Today we're releasing our spreadsheet parsing capabilities to general availability.

What's improved

The GA release includes several updates over the preview version.

We reduced median latency by 11% through optimizations in our compression pipeline. For large workbooks, processing time scales more predictably, and we've eliminated edge cases that caused timeouts on files exceeding 100 tabs.

The encoder now handles larger files more gracefully. Our updated chunking strategy processes workbooks that previously exceeded context limits, maintaining structural fidelity across segments without requiring manual splitting.

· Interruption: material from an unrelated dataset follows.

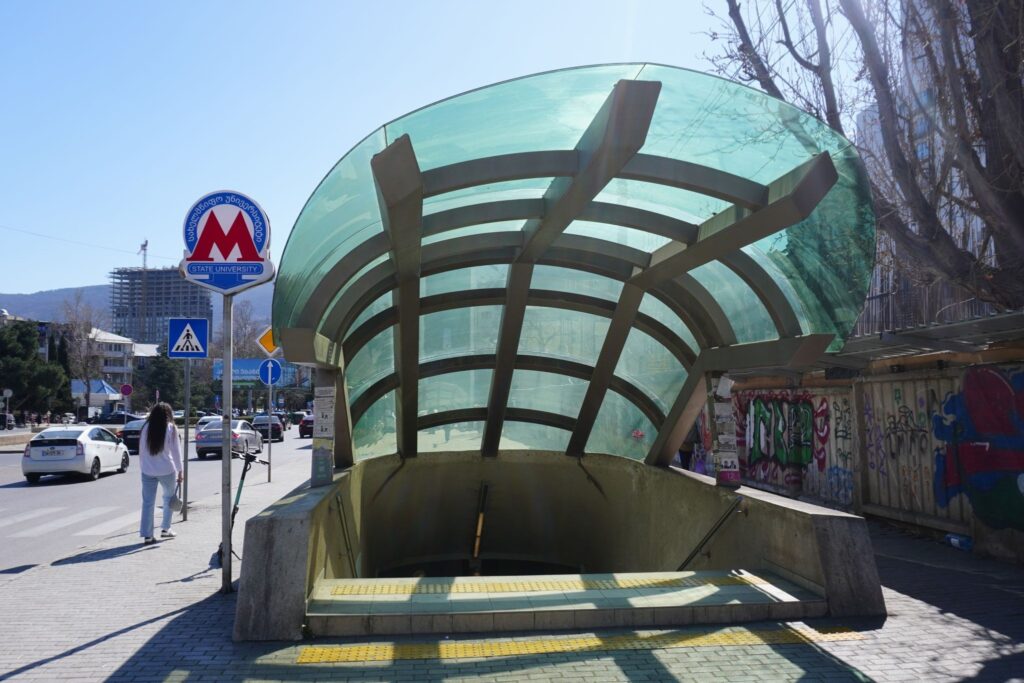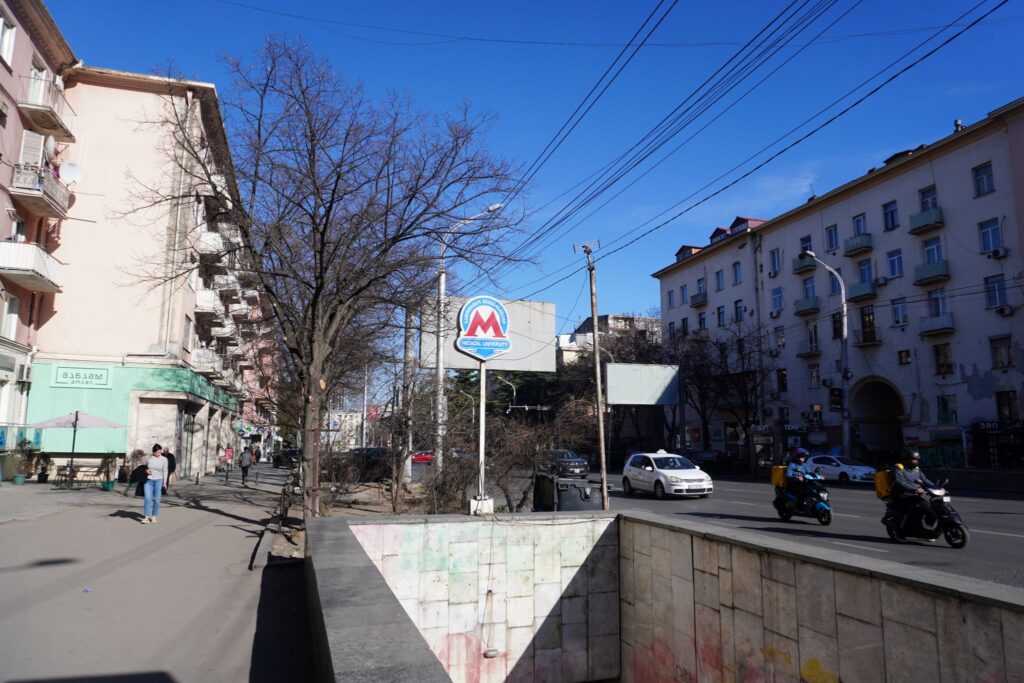 Langs Tbilisi anden metrolinie ligger Medicinsk Universitet fra 1979, efter oplæg af arkitekterne G. Modzenishvili, N. Lomidze and D. Iosava.

Layout segmentation accuracy improved on edge cases involving nested merged regions and inconsistent header patterns. The model better distinguishes data regions from formatting artifacts, particularly in financial models where presentation elements intermix with actual values.

How it works

Our spreadsheet encoder compresses XLSX structural information while preserving the relationships that matter for extraction. Rather than treating spreadsheets as linear sequences or naive grid serializations, the encoder maintains cell adjacency, merge spans, and cross-sheet linkage in a representation optimized for our VLMs. The encoder enforces structural invariants over adjacency, merge continuity, and reference linkage, allowing downstream models to reason over spreadsheets as constrained relational objects rather than unconstrained token sequences.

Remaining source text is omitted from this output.